Creative Freedom is a term that gets thrown around a lot. In the artistic and advertising worlds people tend to talk about creativity and freedom as though the words are more or less interchangeable. "Be creative with it" one might say. "You've got complete freedom here." At best, the assumption is that when we are free to do what we want we are creative. However, creativity and freedom do not mean the same thing, and they don't always go together. In fact, I think many times the two realities can be rather antithetical to one another. It almost makes the term creative freedom an oxymoron—almost.
They don't mean the same thing.
That's a pretty bold claim, so let me try to ease you into what I mean. Let's start with dispelling the inference that the two words mean the same thing.
The word Creative means having the quality of creating. That's not a very helpful definition though. The word Create means to bring into being something that is unique that wouldn't ordinarily develop naturally. This gets much closer to what we usually mean when we say it. When we say creative we usually mean something different, something that makes us go, "I wouldn't have thought of that."
The word Freedom means the state of being free. This is almost as unhelpful as the first definition, but being free contrasts being confined or restrained. This agrees with the sentiment of the normal use of the word as well. When we say freedom (in the creative context) we mean something autonomous, something that "can do whatever it wants."

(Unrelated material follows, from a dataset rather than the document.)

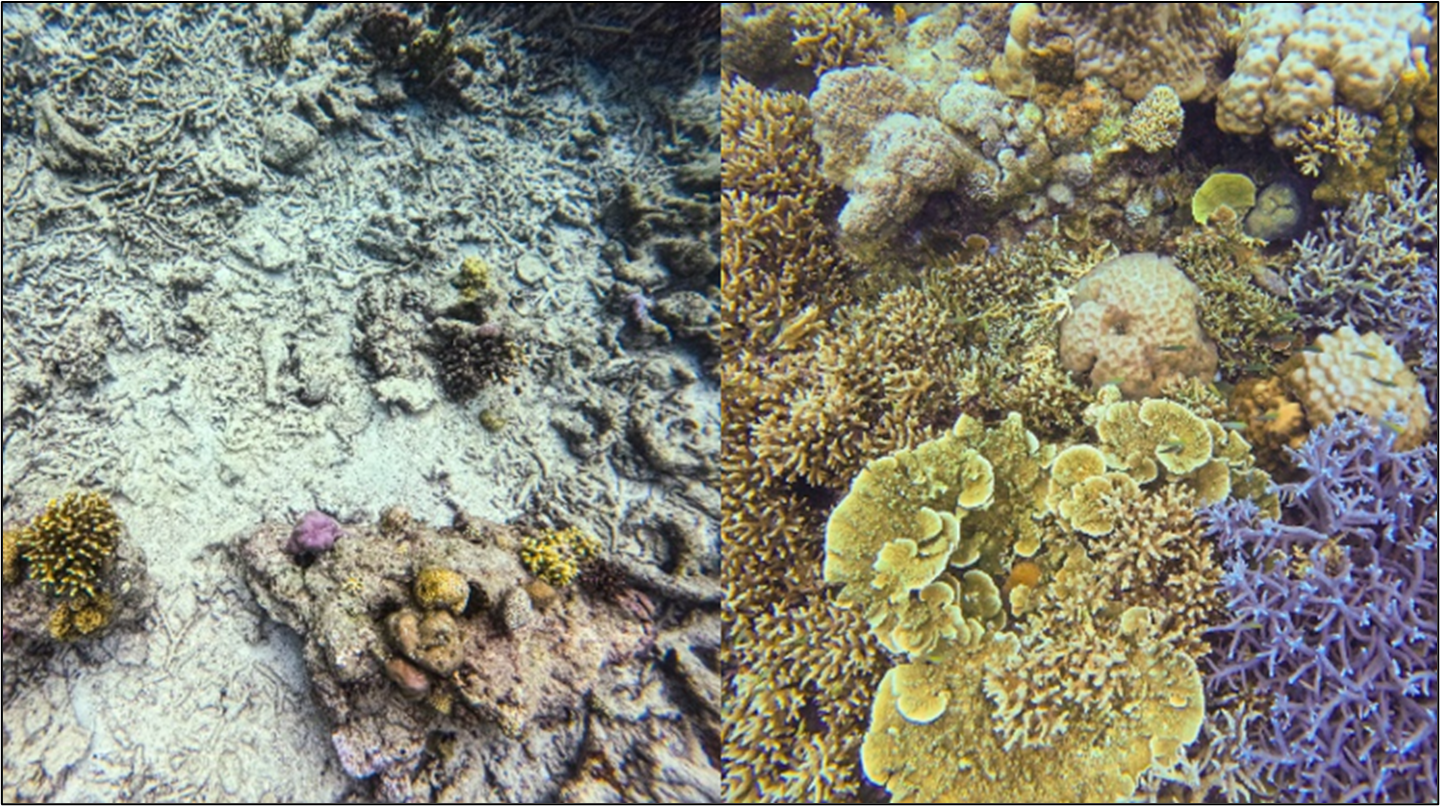 Mars data scientists competed to train machine-learning based models which could identify the difference between degraded (left) and healthy (right) reefs

They don't always go together.
I have a creative job. I create things for a living. I bring things into being that would not have otherwise ordinarily developed naturally. I come up with things that my clients can't or won't come up with on their own. People assume that because my job is creative that I have a lot of freedom in my job. That's simply not true. I don't have a boss; I have hundreds of them, and they decide everyday whether or not they will pay me. I have deadlines, guidelines, standards, requirements, trends and even preferences constraining all of my projects. On any given project, I only get to have my way with about a third of it because my client and their clients must be considered as well. I am and must be creative, but I am not and cannot very often be free.

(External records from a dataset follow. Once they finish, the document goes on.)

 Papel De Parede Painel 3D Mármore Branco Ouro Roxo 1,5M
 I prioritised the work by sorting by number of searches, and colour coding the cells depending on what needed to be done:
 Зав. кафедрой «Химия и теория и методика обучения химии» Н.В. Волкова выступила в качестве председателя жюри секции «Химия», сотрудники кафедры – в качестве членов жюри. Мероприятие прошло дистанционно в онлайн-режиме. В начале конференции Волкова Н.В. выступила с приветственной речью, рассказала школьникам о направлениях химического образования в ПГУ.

When I am free, when I do get to do whatever I want, I am usually not very creative. Creativity is hard work; it is mentally and physically taxing. To be creative for a living—as something you have to do—you must take time to recuperate when you get a chance to do something that you want to do. I don't paint nearly as often as I once did. I don't write nearly as often as I once did. Why? Because when I am free to do what I want, I just want to read or play with my kids or wrestle with my dog or talk to my wife. These things aren't creative per se, but they replenish and inspire me for the next day of necessary creativity. When I am free, I do the things that revive the soul rather than things that express the soul. When I am free, I am not often creative.
Even when they do, they don't.
My college days were a time of heightened freedom and creativity. I was free to do what I wanted whenever I wanted (which is why I went to class so seldom). I wrote a lot, and I painted a lot, and I drank a lot of coffee. It is easy to assume that my heightened freedom was the cause of my heightened creativity, but nothing could be further from the truth. I painted, not because I was free to do so, but because I absolutely had to paint. The constraint, though self-imposed, was real. I wrote, not because I was free to express myself, but because I would die if I didn't. Even my progress was fueled by constrains rather than freedom. I experimented with different styles and mediums all the time because of the self-imposed constraints of the past. I refused to do the same thing twice.
It seems backwards, doesn't it?
It might seem backwards, but when we truly feel free (the emphasis here is on feel) we tend to be less creative. When we are free, we tend to relax, and creativity is hard work. Necessity, however, makes us work. Restraints demand more creativity. Here is a quick exercise to illustrate the point.
Project A: Tell me about your company.
Guidelines: None.
Deadline: None.
Project B: Tell me about you company.
Guidelines: You may only use one sentence.
Deadline: 5 minutes.
OK, on which one were you more creative? Neither, right? 'Cause you didn't do them—you didn't have to.
Let's pretend that you did do them. Project A would have yielded either a disorganized stream of consciousness or a wrote elevator speech that you have rehearsed time and time again. Project B would have yielded carefully chosen words that are meant to convey and compel more than your normative speech. It would have brought into being a new way of expressing something very old that would not have ordinarily developed naturally. In short, it would have been more creative.